Living with (Manic) Depression as a Racialized Woman: Women’s Memoirs about Invisible Dis/abilities
In her memoir, Haldol and Hyacinths: A Bipolar Life (2013), Melody Moezzi describes herself during a manic episode as “Tigger on crack.” By mixing humor with social critique, Moezzi compares the discrimination she experiences as a Muslim woman of Iranian descent and as a woman living with bipolar disorder in the U.S. Gayathri Ramprasad’s Shadows in the Sun: Healing from Depression and Finding the Light Within (2014) offers insights into the author’s childhood marked by depression in India and her approaches to managing her mental illness that combine Hindu culture and Western medicine after migrating to the U.S. Both authors expose and criticize exclusionary practices that dehumanize and isolate people with invisible disabilities.
This article investigates how women with mental health issues use memoir to discuss the negative ideological notions that patriarchal society has historically attached to disability, femininity, and non-whiteness.
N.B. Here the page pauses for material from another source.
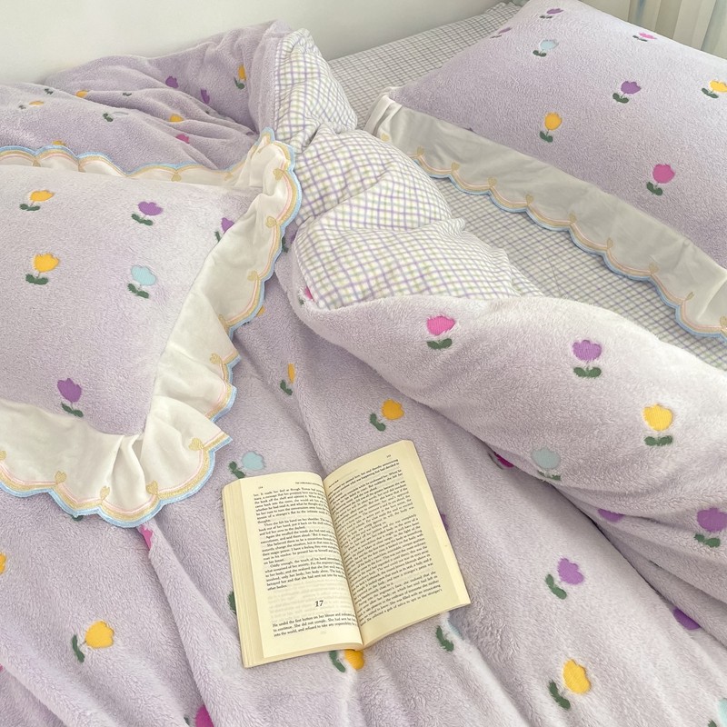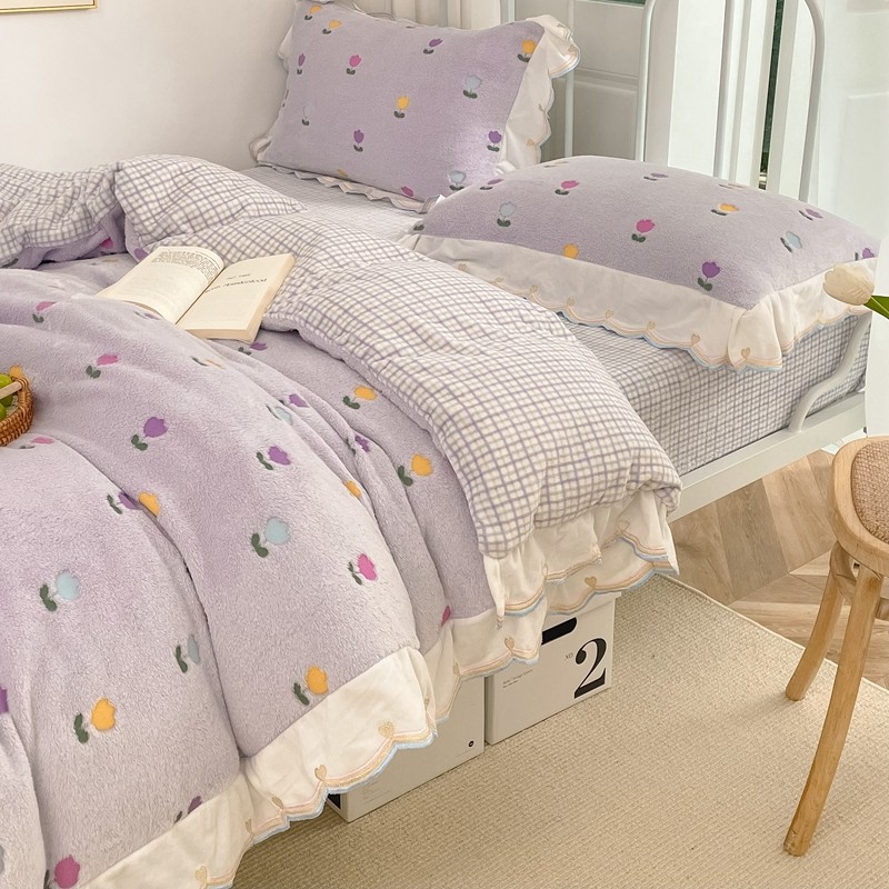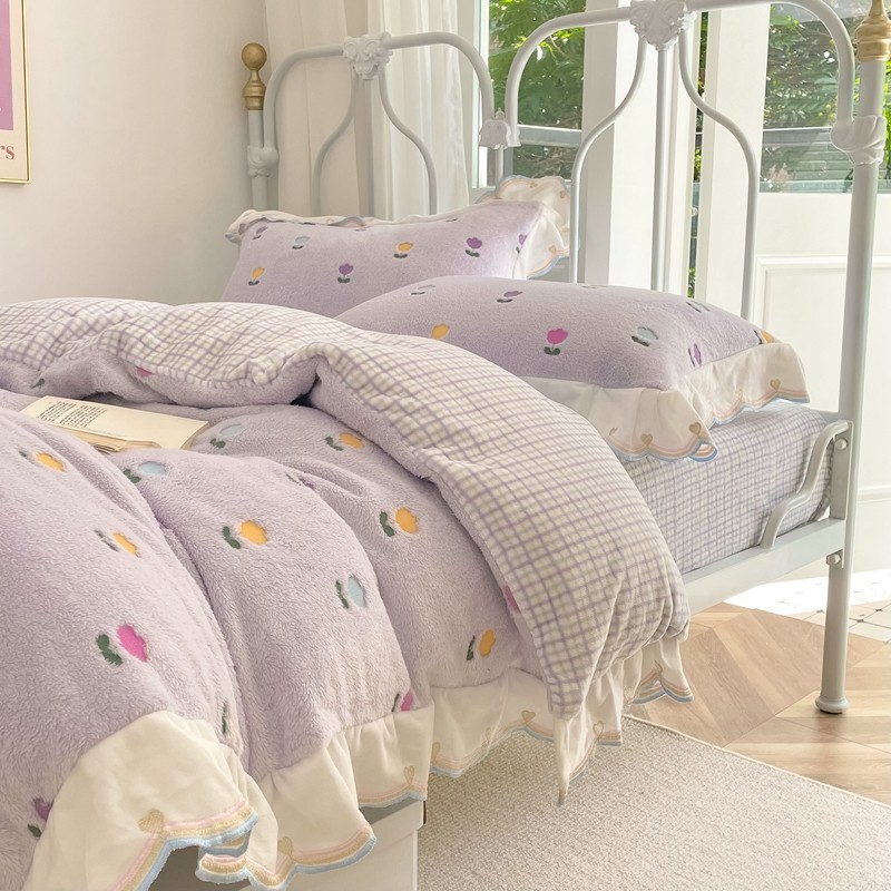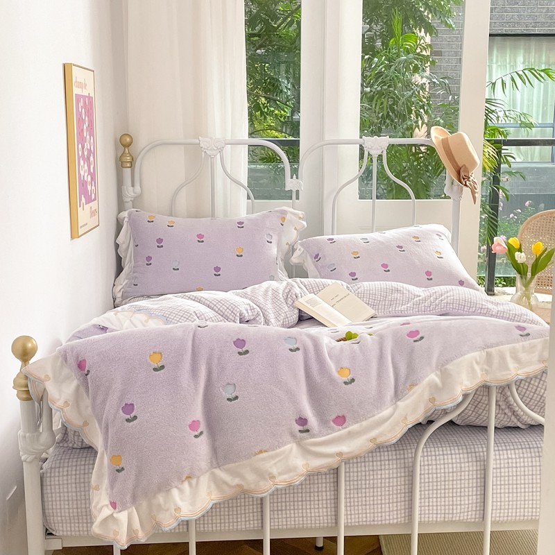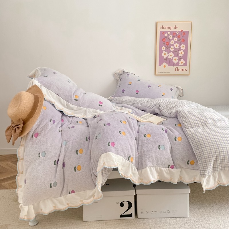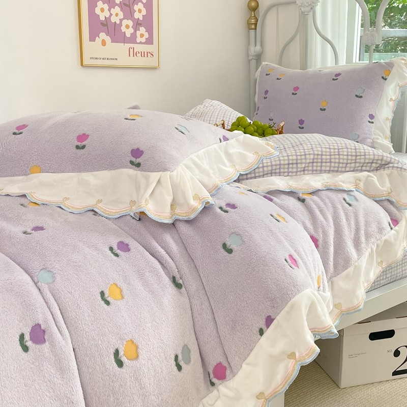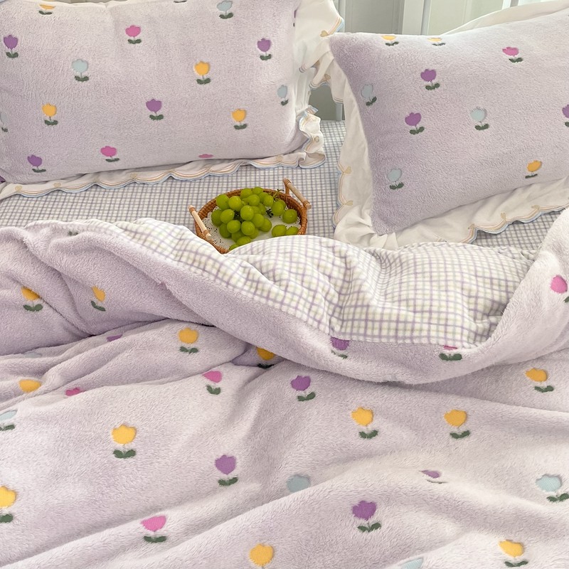 昔可家纺 2021新款coco雪貂绒四件套 小郁金香紫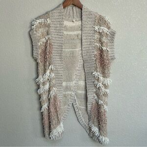 Moth Anthropologie Shag Shaggy Open Front Cardigan Vest Sweater Size XS/S Beige

My comparative reading—informed by life-writing theory, feminist concepts, and critical race studies—offers an intersectional perspective on how society perpetuates the oppression of women of color with a mental disability based on their bodies, gender, race, ethnicity, nationality, and religion. The women whose memoirs I analyze are not interested in declaring their lives unique. Their aim is to emphasize how common mental disabilities are among women. My case studies push for social justice as they challenge autobiography’s supposed reliance on a stable sense of self to convey the ‘truth’ and connect discourse about disability with other layers of domination.